◆ **What needs to be done**: The whole listing needs to be written out exactly, except for any images.

◆ **Exercise data**:
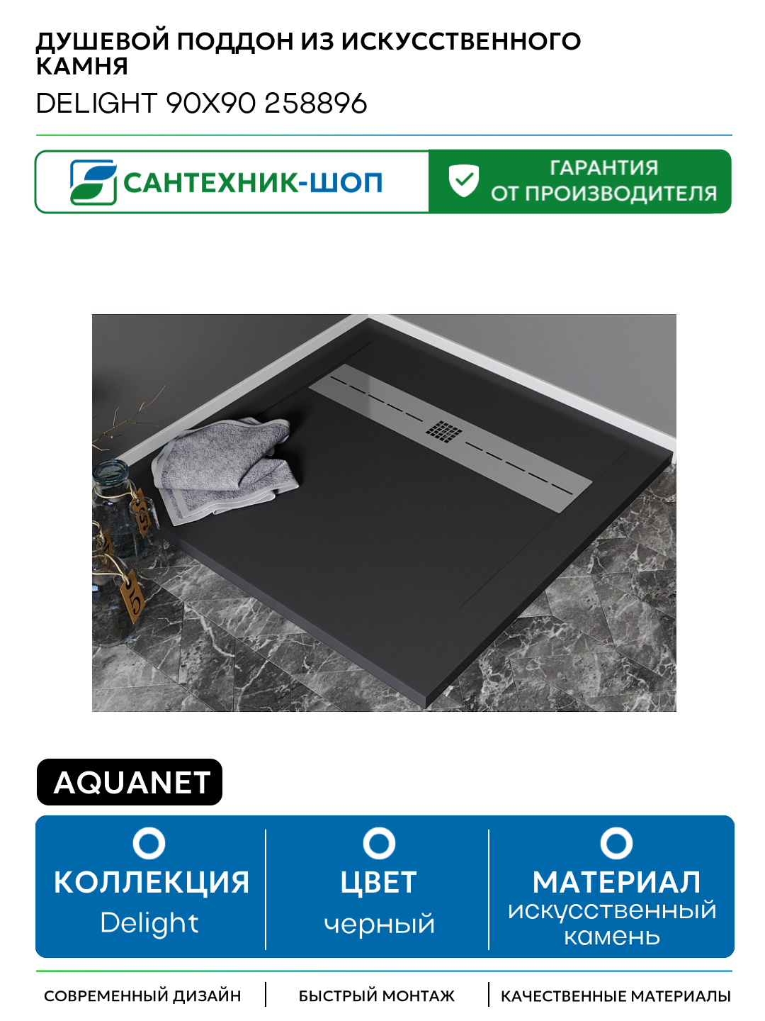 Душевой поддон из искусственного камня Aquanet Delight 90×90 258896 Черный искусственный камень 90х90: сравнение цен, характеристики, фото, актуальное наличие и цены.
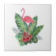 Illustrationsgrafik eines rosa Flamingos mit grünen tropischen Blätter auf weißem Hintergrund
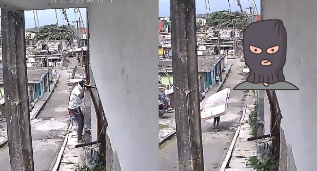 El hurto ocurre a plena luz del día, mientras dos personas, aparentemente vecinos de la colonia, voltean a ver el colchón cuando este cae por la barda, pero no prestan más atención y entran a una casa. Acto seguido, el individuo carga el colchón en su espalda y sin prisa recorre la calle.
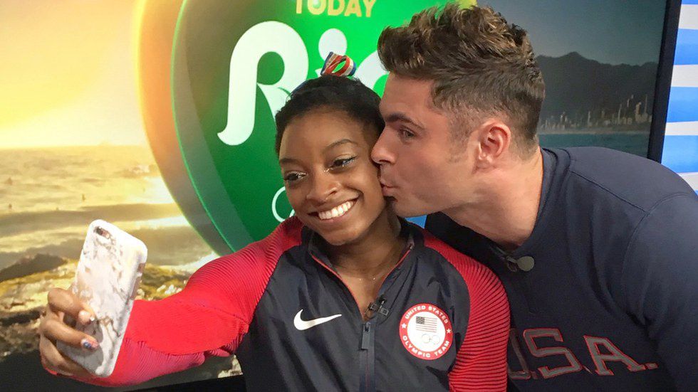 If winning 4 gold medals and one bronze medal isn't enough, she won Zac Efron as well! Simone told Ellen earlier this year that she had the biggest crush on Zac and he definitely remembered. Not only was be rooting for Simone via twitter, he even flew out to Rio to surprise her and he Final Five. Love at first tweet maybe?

◆ **Solution to the exercise**:
 Душевой поддон из искусственного камня Aquanet Delight 90×90 258896 Черный искусственный камень 90х90: сравнение цен, характеристики, фото, актуальное наличие и цены.
 Illustrationsgrafik eines rosa Flamingos mit grünen tropischen Blätter auf weißem Hintergrund
 El hurto ocurre a plena luz del día, mientras dos personas, aparentemente vecinos de la colonia, voltean a ver el colchón cuando este cae por la barda, pero no prestan más atención y entran a una casa. Acto seguido, el individuo carga el colchón en su espalda y sin prisa recorre la calle.
 If winning 4 gold medals and one bronze medal isn't enough, she won Zac Efron as well! Simone told Ellen earlier this year that she had the biggest crush on Zac and he definitely remembered. Not only was be rooting for Simone via twitter, he even flew out to Rio to surprise her and he Final Five. Love at first tweet maybe?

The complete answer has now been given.